# [Entries supplied]
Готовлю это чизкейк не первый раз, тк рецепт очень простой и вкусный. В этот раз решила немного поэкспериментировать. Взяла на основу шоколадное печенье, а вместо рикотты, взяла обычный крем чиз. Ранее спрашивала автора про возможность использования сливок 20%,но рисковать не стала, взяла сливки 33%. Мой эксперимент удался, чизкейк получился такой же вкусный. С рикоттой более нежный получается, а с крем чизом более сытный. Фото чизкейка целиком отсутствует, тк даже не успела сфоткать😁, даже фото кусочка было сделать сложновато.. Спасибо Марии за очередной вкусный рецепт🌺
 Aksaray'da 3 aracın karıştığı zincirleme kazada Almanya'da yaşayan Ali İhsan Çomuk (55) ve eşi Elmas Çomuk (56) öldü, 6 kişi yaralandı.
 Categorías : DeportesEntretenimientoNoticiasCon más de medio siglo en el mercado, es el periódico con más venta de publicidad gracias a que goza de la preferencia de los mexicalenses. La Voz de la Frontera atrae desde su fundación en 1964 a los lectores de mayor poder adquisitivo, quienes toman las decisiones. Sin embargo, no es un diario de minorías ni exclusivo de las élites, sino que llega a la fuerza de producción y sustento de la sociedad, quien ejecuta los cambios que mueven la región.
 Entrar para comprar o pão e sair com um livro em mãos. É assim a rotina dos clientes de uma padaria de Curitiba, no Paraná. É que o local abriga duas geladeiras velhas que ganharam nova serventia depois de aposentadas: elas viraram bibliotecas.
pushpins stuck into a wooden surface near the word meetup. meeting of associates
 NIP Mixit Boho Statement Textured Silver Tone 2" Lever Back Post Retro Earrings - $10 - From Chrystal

# [What this task involves]
Extract the full listing above without alteration.

# [Result below]
Готовлю это чизкейк не первый раз, тк рецепт очень простой и вкусный. В этот раз решила немного поэкспериментировать. Взяла на основу шоколадное печенье, а вместо рикотты, взяла обычный крем чиз. Ранее спрашивала автора про возможность использования сливок 20%,но рисковать не стала, взяла сливки 33%. Мой эксперимент удался, чизкейк получился такой же вкусный. С рикоттой более нежный получается, а с крем чизом более сытный. Фото чизкейка целиком отсутствует, тк даже не успела сфоткать😁, даже фото кусочка было сделать сложновато.. Спасибо Марии за очередной вкусный рецепт🌺
 Aksaray'da 3 aracın karıştığı zincirleme kazada Almanya'da yaşayan Ali İhsan Çomuk (55) ve eşi Elmas Çomuk (56) öldü, 6 kişi yaralandı.
 Categorías : DeportesEntretenimientoNoticiasCon más de medio siglo en el mercado, es el periódico con más venta de publicidad gracias a que goza de la preferencia de los mexicalenses. La Voz de la Frontera atrae desde su fundación en 1964 a los lectores de mayor poder adquisitivo, quienes toman las decisiones. Sin embargo, no es un diario de minorías ni exclusivo de las élites, sino que llega a la fuerza de producción y sustento de la sociedad, quien ejecuta los cambios que mueven la región.
 Entrar para comprar o pão e sair com um livro em mãos. É assim a rotina dos clientes de uma padaria de Curitiba, no Paraná. É que o local abriga duas geladeiras velhas que ganharam nova serventia depois de aposentadas: elas viraram bibliotecas.
pushpins stuck into a wooden surface near the word meetup. meeting of associates
 NIP Mixit Boho Statement Textured Silver Tone 2" Lever Back Post Retro Earrings - $10 - From Chrystal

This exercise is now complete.